-- Available data follows --

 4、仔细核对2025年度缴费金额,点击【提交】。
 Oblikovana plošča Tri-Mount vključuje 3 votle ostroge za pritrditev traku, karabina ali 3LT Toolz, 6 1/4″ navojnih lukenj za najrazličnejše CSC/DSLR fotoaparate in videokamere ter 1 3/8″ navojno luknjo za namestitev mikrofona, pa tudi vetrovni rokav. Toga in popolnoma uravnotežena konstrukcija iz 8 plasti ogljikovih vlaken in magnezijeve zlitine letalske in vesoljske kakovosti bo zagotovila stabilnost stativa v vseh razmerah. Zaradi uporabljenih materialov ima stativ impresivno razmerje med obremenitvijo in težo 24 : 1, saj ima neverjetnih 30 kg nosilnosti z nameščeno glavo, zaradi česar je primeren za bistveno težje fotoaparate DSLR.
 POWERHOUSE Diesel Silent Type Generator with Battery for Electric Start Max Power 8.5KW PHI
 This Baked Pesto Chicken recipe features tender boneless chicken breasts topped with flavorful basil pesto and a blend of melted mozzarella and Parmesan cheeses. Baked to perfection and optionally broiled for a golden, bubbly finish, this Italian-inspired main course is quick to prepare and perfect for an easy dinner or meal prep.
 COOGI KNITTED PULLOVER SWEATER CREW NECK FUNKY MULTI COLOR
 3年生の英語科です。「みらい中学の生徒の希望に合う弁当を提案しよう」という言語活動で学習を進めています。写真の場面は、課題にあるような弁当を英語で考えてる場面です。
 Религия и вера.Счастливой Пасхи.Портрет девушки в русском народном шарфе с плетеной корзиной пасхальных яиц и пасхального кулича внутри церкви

-- Available data concluded --
-- Available data follows --

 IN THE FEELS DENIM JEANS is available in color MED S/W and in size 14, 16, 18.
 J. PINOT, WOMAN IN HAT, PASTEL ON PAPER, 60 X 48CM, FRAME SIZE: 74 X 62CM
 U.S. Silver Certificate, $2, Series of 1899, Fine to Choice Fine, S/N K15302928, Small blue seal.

-- Available data concluded --

Of the entries above, transcribe exactly those lines that fall between the line containing "J. PINOT, WOMAN" and the line containing "U.S. Silver Certificate, $2, Series", together with those two lines.

Your solution.
 J. PINOT, WOMAN IN HAT, PASTEL ON PAPER, 60 X 48CM, FRAME SIZE: 74 X 62CM
 U.S. Silver Certificate, $2, Series of 1899, Fine to Choice Fine, S/N K15302928, Small blue seal.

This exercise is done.